Durrant Pate/Contributor
The United States Federal Reserve today hiked its benchmark interest rate again by a quarter of one percentage point, bringing it to its highest rate in 22 years.
The vote to raise the benchmark rate was unanimous, as the Fed, America’s Central Bank, also signals that it is prepared to do more to tame rising inflation. The decision boosts the Fed’s benchmark interest rate to a range of 5.25 per cent -5.5 per cent.
In a statement, the Fed said that it remained “highly attentive” to inflation risks, noting that it’s Monetary Policy Committee will continue to assess additional information and its implications for monetary policy.
Fed’s Monetary Policy Statement
According to the statement, the Fed would look at the data, the cumulative monetary tightening to date and the lags with which interest-rate policy affects the economy “in determining the extent of additional policy firming that may be appropriate” to return inflation to the 2.0 per cent target.
In June, Fed officials penciled in one more 25-basis point hike in addition to today’s move.
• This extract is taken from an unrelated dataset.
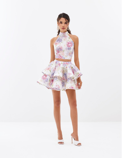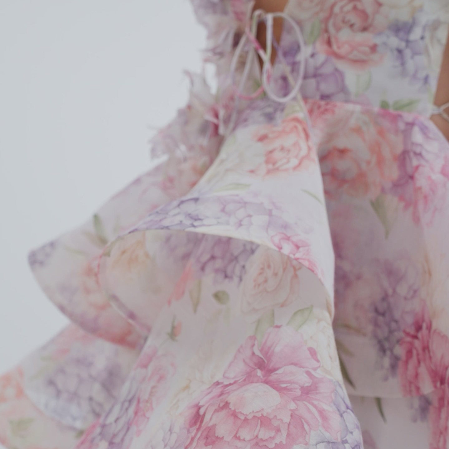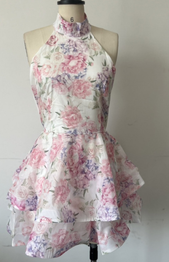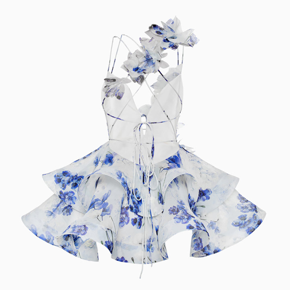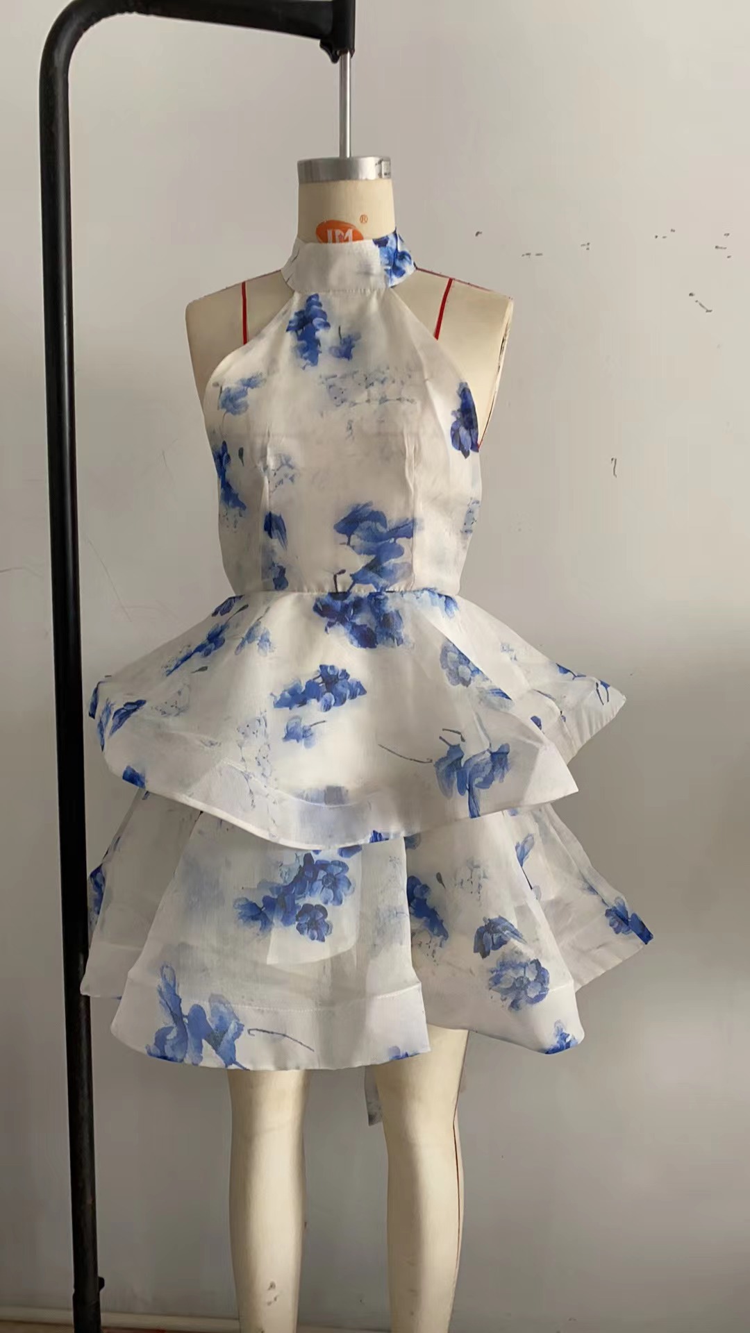 欧美碎花印花修身V领花苞裙摆连衣裙无袖吊带露背短裙时尚度假风

The Fed has raised interest rates aggressively over the past 16 months to try to get the cost of money high enough to to cool inflation.

However, the Fed contends that it isn’t sure it has got rates high enough, what they say is “restrictive” to growth. The economy has been resilient, alleviating fears of a recession, at least this year.
The statement said economic activity was expanding “at a moderate pace,” a slight upgrade from the “modest pace” seen at the last meeting in June. In the wake of the signs of progress in the June consumer inflation data released earlier this month, many Wall Street economists think today’s rate hike will be the final rate hike of the cycle.
They expressed the view that the economic data over the next six weeks, until the Fed meets again in late September, will convince the central bankers that inflation is coming down and that they can hold rates steady. There will be four major indicators —July and August reports for employment and consumer inflation — before the next Fed meeting in September.
Former top Obama economist, Jason Furman, told MarketWatch that he thinks the terminal rate could be around 6.0 per cent.